The Sprague-Dawley rat has been used to examine the effects of radiation and radioprotectors on the growth plate, because this animal has a relatively short period of rapid growth during which growth plate effects may be evaluated efficiently. Much of the early radiation work with the Sprague-Dawley rat used a single-fraction 17.5-Gy dose of radiation for simplicity and to allow proof of concept in establishing efficacy of radioprotectors (4, 5). This model has been well characterized by sequential histomorphometry, growth rates, limb discrepancies, and immunohistochemistry (6–9).
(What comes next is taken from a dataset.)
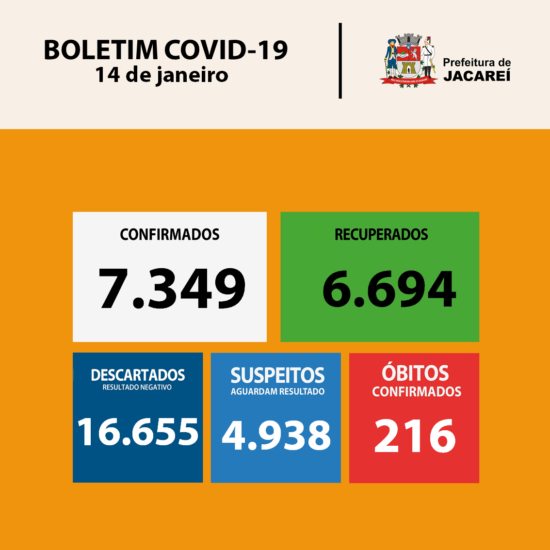 A Secretaria Municipal de Saúde de Jacareí, por meio da Diretoria de Vigilância em Saúde, informa, nesta quinta-feira (14), mais 12 óbitos por COVID-19 no município. Trata-se de nove homens (40, 49, 65, 66, 72, 72, 74, 80 e 89 anos) e três mulheres (37, 86 e 92 anos). Ao todo, foram sete óbitos em unidades de saúde privada, quatro em unidades públicas e um em sua residência. Uma das mortes ocorreu no dia 27 de dezembro. As outras ocorreram entre os dias 5 e 11 de janeiro. Apenas o homem de 49 anos não tinha comorbidades.

However, in clinical practice, fractionation of the doses of therapeutic radiation is the standard of care and is routinely employed to minimize the damaging effects of radiation on normal tissues. Hence any means used to lessen the damaging effects of radiation on the growth plate must have efficacy above and beyond the protective effects of fractionated radiation doses alone. A well-characterized model of fractionated radiation is needed to allow more clinically relevant experimentation. Our laboratory has previously used various fractionated doses, but the emphasis in those experiments was simply on demonstrating efficacy of radioprotectors on limb length discrepancies² (10). The histomorphometry, growth rates and immunohistochemistry of a clinically relevant fractionated model have not been described.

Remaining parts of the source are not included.